• EXERCISE DATA:
Start of Block
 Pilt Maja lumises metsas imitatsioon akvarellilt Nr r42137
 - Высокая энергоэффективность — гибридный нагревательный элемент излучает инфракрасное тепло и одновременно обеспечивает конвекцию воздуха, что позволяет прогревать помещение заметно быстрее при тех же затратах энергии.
End of Block
Start of Block
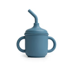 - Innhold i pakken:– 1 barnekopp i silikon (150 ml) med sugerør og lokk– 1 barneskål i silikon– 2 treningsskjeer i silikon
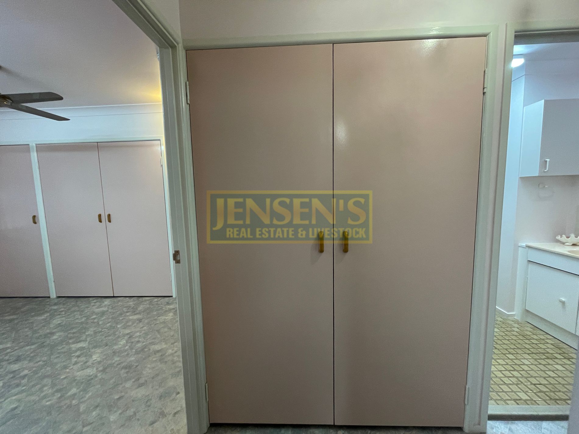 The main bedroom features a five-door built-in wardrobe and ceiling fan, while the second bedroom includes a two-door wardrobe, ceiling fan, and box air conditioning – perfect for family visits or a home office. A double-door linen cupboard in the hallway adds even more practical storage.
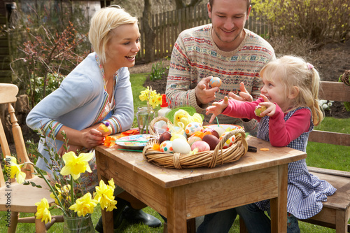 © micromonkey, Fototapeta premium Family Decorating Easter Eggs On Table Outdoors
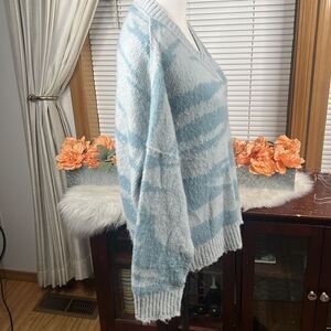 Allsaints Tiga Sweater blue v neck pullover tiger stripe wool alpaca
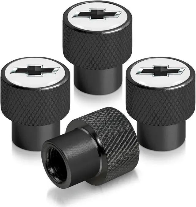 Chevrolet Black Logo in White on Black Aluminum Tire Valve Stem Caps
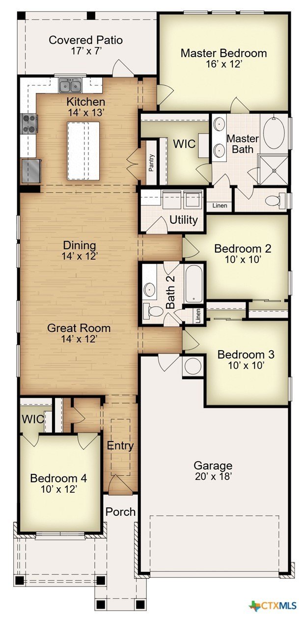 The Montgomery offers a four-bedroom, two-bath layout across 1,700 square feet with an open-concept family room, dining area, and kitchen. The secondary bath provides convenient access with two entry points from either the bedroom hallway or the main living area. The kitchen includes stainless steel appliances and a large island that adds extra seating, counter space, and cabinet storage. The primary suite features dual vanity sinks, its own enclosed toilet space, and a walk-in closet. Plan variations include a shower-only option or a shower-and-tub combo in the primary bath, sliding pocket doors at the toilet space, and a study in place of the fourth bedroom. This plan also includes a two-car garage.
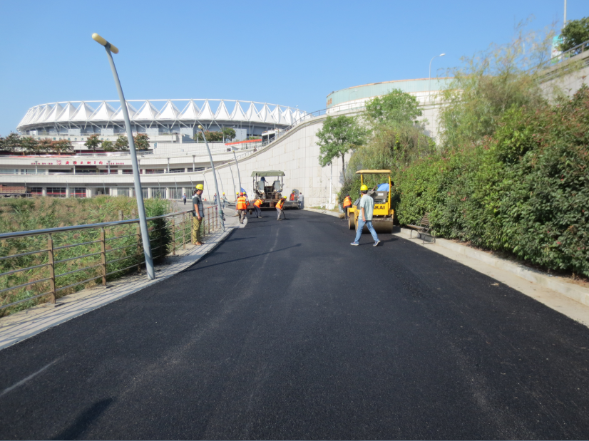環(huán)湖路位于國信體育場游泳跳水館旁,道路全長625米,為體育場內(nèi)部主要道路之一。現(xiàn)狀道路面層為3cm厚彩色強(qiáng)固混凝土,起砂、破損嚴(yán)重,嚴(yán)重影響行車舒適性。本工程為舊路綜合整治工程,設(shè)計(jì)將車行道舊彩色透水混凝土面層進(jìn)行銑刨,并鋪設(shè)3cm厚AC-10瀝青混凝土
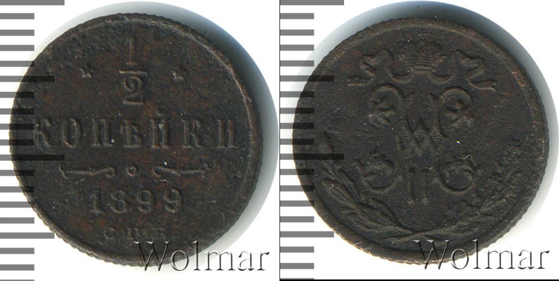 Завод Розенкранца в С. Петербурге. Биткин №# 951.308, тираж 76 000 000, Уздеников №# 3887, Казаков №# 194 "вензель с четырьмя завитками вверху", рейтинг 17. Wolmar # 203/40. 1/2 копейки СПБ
End of Block
Only the lines above from the one with "環(huán)湖路位于國信體" to the one with "Завод Розенкранца в" should be printed, both included and exactly as written; no picture belongs in the copy.

• WRITTEN RESPONSE:
環(huán)湖路位于國信體育場游泳跳水館旁,道路全長625米,為體育場內(nèi)部主要道路之一。現(xiàn)狀道路面層為3cm厚彩色強(qiáng)固混凝土,起砂、破損嚴(yán)重,嚴(yán)重影響行車舒適性。本工程為舊路綜合整治工程,設(shè)計(jì)將車行道舊彩色透水混凝土面層進(jìn)行銑刨,并鋪設(shè)3cm厚AC-10瀝青混凝土
 Завод Розенкранца в С. Петербурге. Биткин №# 951.308, тираж 76 000 000, Уздеников №# 3887, Казаков №# 194 "вензель с четырьмя завитками вверху", рейтинг 17. Wolmar # 203/40. 1/2 копейки СПБ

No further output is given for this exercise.